Few websites e.g. State Bank of India ( offer key shortcuts to perform certain tasks e.g. fund transfer, check the balance etc. Fortunately these tasks are simple and limited to single page only. Still, no provision is made for speech synthesis assuming that Screen Reader will be used by the blind users.

There is a Framework, SICE [16] for developing speech based web applications that may provide specific functionality to blind users. The framework is based on VoiceXML specifications for developing web based interactive voice applications. Communications are made using VOIP (Voice Over Internet Protocol); therefore, user does not have the dependency on telephony interface as required by existing VoiceXML specifications. Unlike telephony, complex web data can be conveniently handled using customized two way dialogue based access system in a controlled way. The framework is more effective in developing speech based web access systems for dedicated functionalities rather than developing generalized speech interfaces. The drawback of the framework is that, being a heavyweight system, it requires huge investment on hardware and software on server side.

System design and architecture


So far, researchers have been emphasizing on finding the generic solutions to the accessibility issues. Expectations from the web site owners or content providers have been limited to providing accessible contents that could be usable with screen readers. Being client side tools, Screen Readers most often fail to perform the task as the web author intentions may not be well understood by assistive tool. As a result, blind users fail to perform important tasks like reservation booking, tax deposition, bill payment, online shopping etc. We propose that for all such important utilities, accessibility solution could be automated on the server side by the website author/owner. Thus, there is a need to have an authoring tool which could provide an integrated solution for sighted and blind users using a single website.

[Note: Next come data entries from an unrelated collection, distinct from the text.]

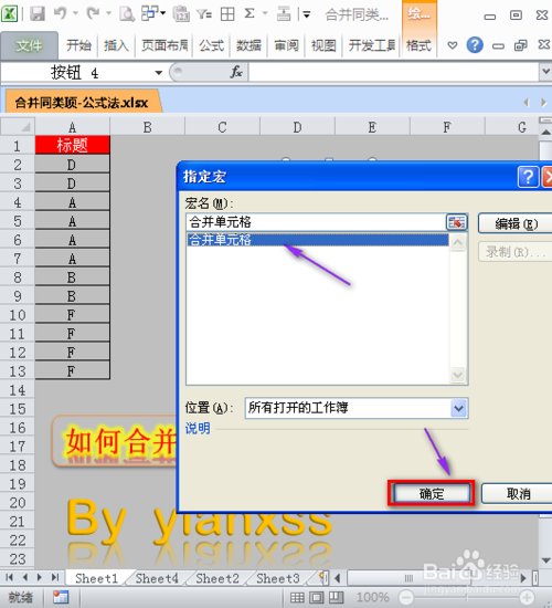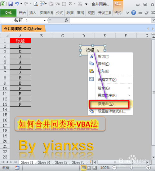右击新建的按钮,选择指定宏,选择我们合并单元格,即我们刚刚写的代码,然后点击确定完成。
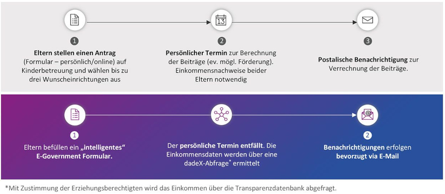 - Eltern befüllen ein „intelligentes“ E-Government Fomular.
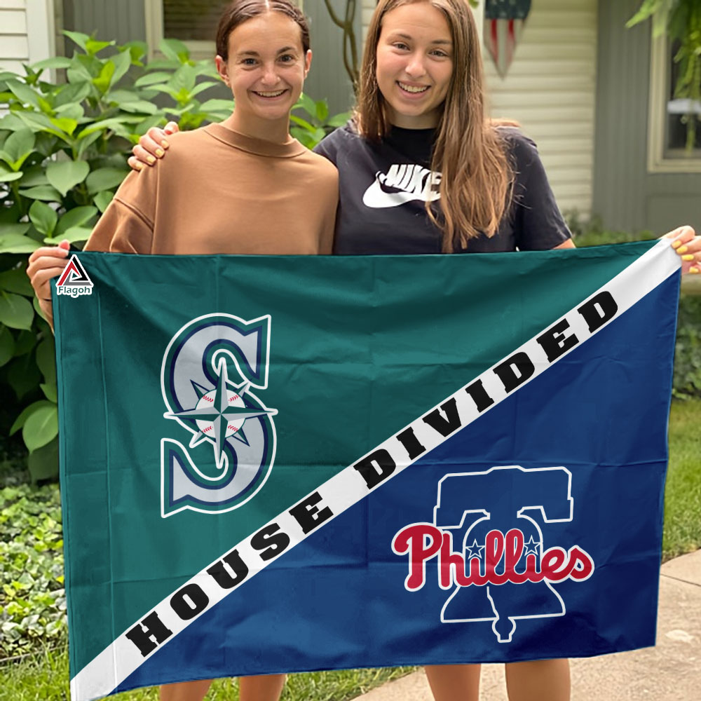 Mariners vs Phillies House Divided Flag, MLB House Divided Flag
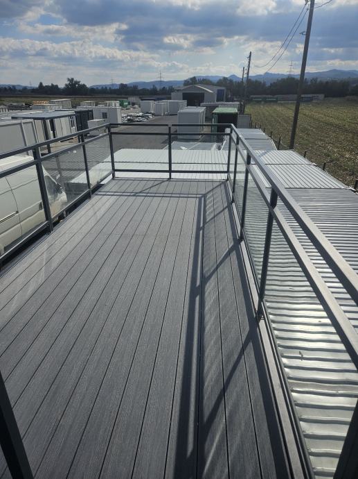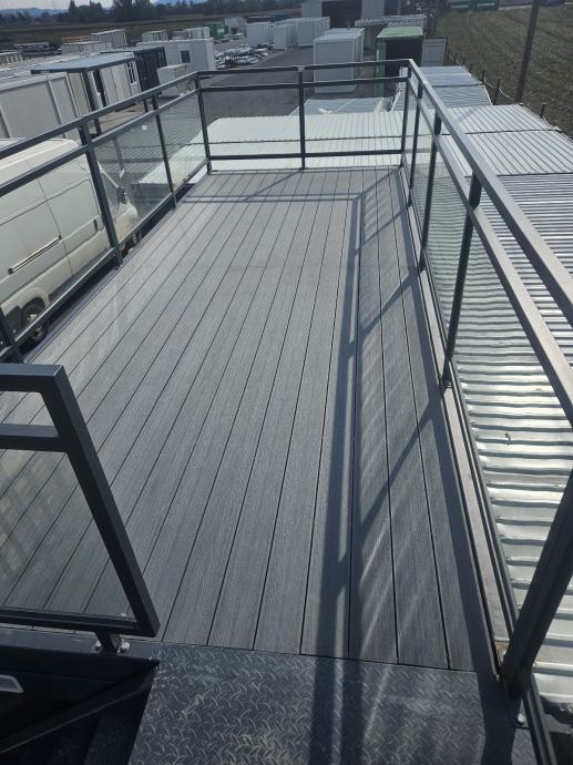 U ponudi imamo gotove tetase 6x2.4m za kontejnere sa ukljčenom čeličnom konstrukcijom, staklenom ogradom wpc daskama i svim potrebnim spojnim materijalima.
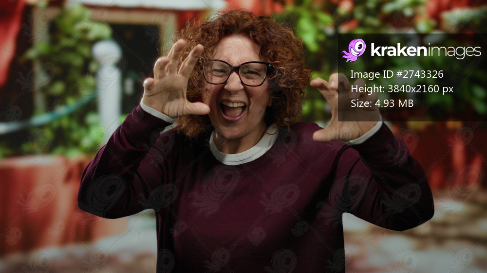 Woman smiling and playful on a vibrant city street with lush greenery and a red building facade in the background.
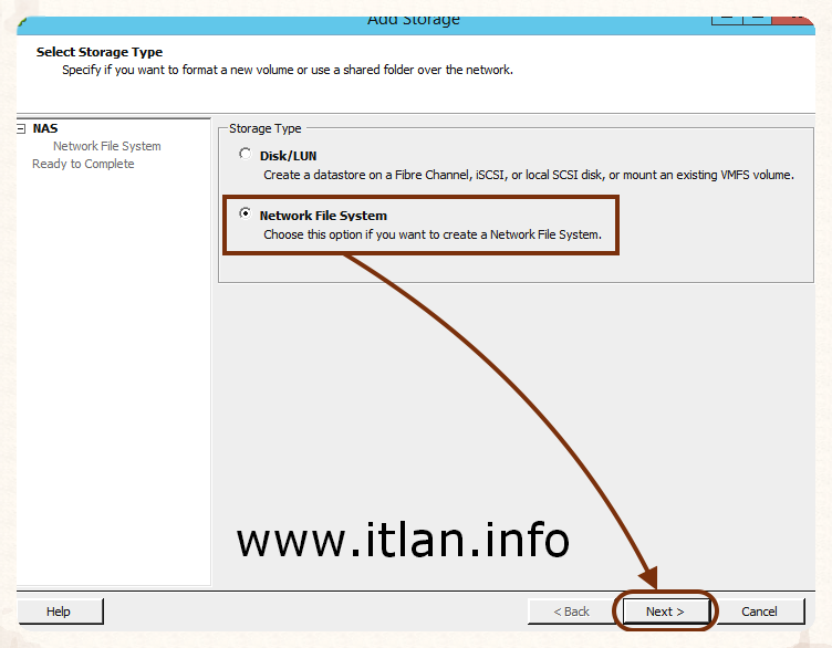 Paso 58: En este caso tenemos que seleccionar la opción "Network File System (NFS)" pulsamos el botón "Next" para continuar.

Issues to be tackled are manifold. While surfing internet using a client based assistive technology like screen reader, blind user has to face problems in both intra webpage navigation and inter webpage navigation. The situation becomes worse in case of complex web pages. First, the website navigational structures need to be traversed on a webpage each time a screen reader user wishes to locate a relevant link. Besides, she may get stuck in-between when something goes wrong during the form validation on submit button of a form. Inter webpage navigational issues are primarily caused by possible multiple entry/exit points on related web pages. After submitting a form on webpage, control may not reach to the relevant form or link on the next page. As a result, visually disabled user has to search the relevant form or link sequentially. Efforts have been made to tackle the issue using some semi-automatic client based approaches e.g. Curf [7] uses a context based approach to reach to the most relevant link on the next page. Unfortunately, these approaches do not serve our purpose.

Our proposed framework is inspired by online TTS Systems like WebAnywhere, BrowseAloud, ReadSpeaker form reader etc.. Working of a client-based tool, IMacro [17] has equally inspired us to automate the user activity, rather from server side in our case. Although IMacro is not an assistive technology, as it has been used to automate bulk form filling on client machine, our idea is to provide a similar functionality to client from server side.

Feasibility analysis

Although, direct speech enabling of public websites seems to be the best strategy in terms of usability and accuracy with which blind users can interact with complex form elements, it has not been a popular approach in industry. There are certain fears that must be overcome to make the approach feasible in general. First and most prominent one is that web authors need to create two documents for everything they write, which is obviously an overhead. The issue is tackled as follows: Is it possible to send the text in speech (mp3) form to the blind user from the same webpage that caters the other users? If so, overheads of maintaining two copies of same webpage can be eliminated.

The other fear is related with the hardware cost to maintain the speech server and other interfaces. A lightweight solution is imperative in terms of hardware and software architecture. Meeting these two requirements can make direct speech enabling the websites a feasible solution.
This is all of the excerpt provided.